TASK DIRECTIONS:
From the records that follow, return exactly the lines beginning at the one that contains "Stoneware leaning vase, wheel-thrown" and ending at the one that contains "Before the restriction", pictures left out.

MATERIAL PROVIDED:
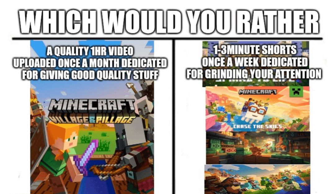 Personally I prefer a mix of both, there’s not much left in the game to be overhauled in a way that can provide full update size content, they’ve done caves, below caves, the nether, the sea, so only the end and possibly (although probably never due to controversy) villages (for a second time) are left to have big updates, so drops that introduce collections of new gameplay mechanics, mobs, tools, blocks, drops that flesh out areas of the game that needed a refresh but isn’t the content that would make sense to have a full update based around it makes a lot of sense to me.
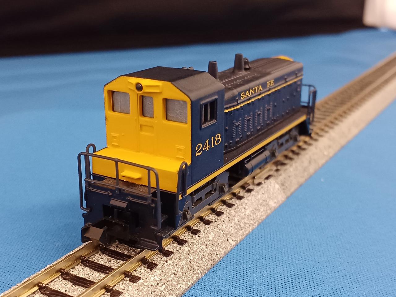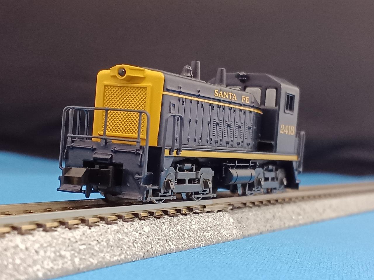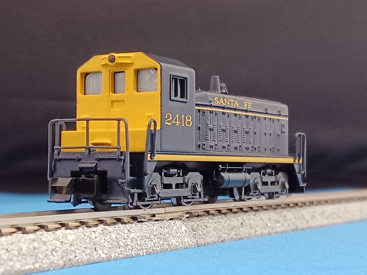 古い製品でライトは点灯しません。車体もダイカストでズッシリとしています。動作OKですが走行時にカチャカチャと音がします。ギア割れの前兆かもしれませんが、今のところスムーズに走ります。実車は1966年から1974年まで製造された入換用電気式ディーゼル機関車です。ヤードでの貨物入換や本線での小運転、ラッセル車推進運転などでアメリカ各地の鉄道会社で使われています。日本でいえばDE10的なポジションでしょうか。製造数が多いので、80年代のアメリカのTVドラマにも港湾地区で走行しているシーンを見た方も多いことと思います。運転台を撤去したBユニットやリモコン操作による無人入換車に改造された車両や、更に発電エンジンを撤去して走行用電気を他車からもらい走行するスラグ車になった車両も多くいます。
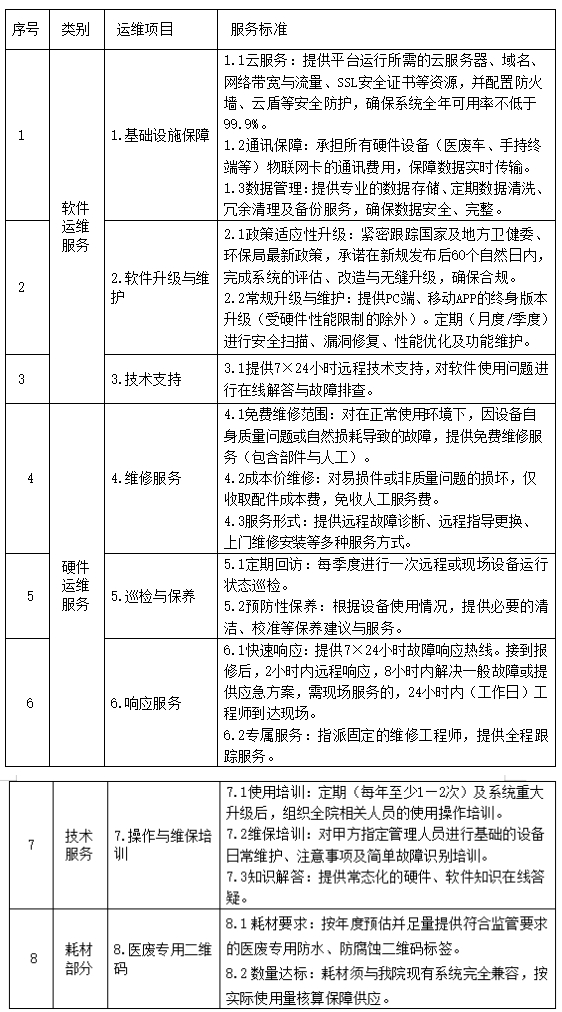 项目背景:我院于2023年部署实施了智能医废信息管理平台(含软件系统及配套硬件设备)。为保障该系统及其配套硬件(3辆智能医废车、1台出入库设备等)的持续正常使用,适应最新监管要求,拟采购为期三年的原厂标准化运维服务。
* * *
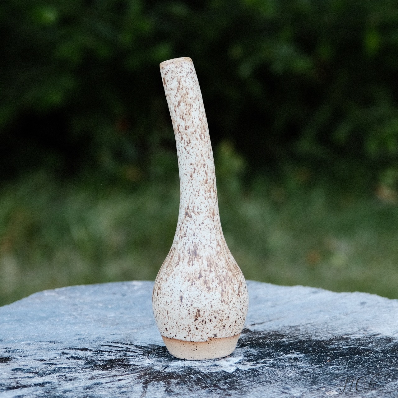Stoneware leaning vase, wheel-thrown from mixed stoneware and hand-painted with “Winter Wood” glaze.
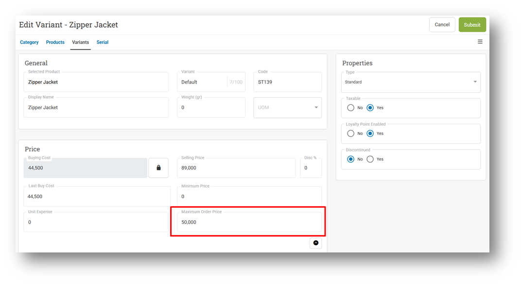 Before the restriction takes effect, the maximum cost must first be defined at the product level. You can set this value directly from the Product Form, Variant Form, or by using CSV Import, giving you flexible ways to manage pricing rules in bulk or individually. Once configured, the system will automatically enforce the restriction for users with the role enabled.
--
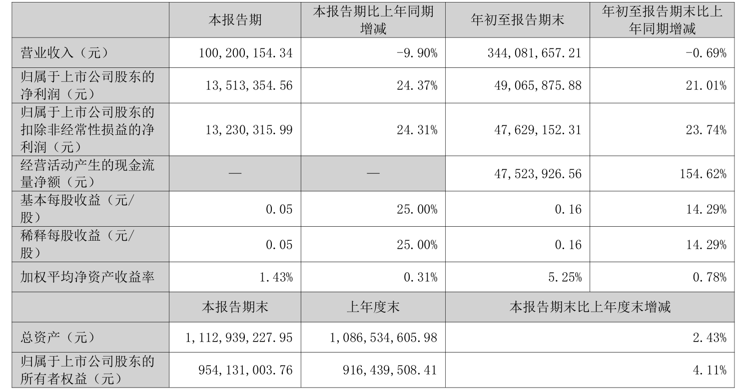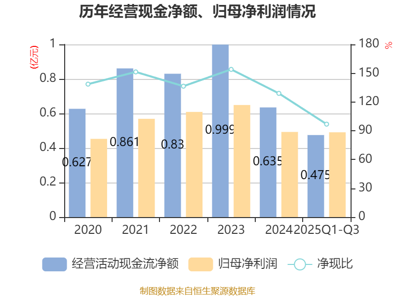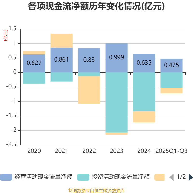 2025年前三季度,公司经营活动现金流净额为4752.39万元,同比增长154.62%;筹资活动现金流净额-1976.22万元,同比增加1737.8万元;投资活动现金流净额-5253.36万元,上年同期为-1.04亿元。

RESPONSE TO THIS EXERCISE:
Stoneware leaning vase, wheel-thrown from mixed stoneware and hand-painted with “Winter Wood” glaze.
 Before the restriction takes effect, the maximum cost must first be defined at the product level. You can set this value directly from the Product Form, Variant Form, or by using CSV Import, giving you flexible ways to manage pricing rules in bulk or individually. Once configured, the system will automatically enforce the restriction for users with the role enabled.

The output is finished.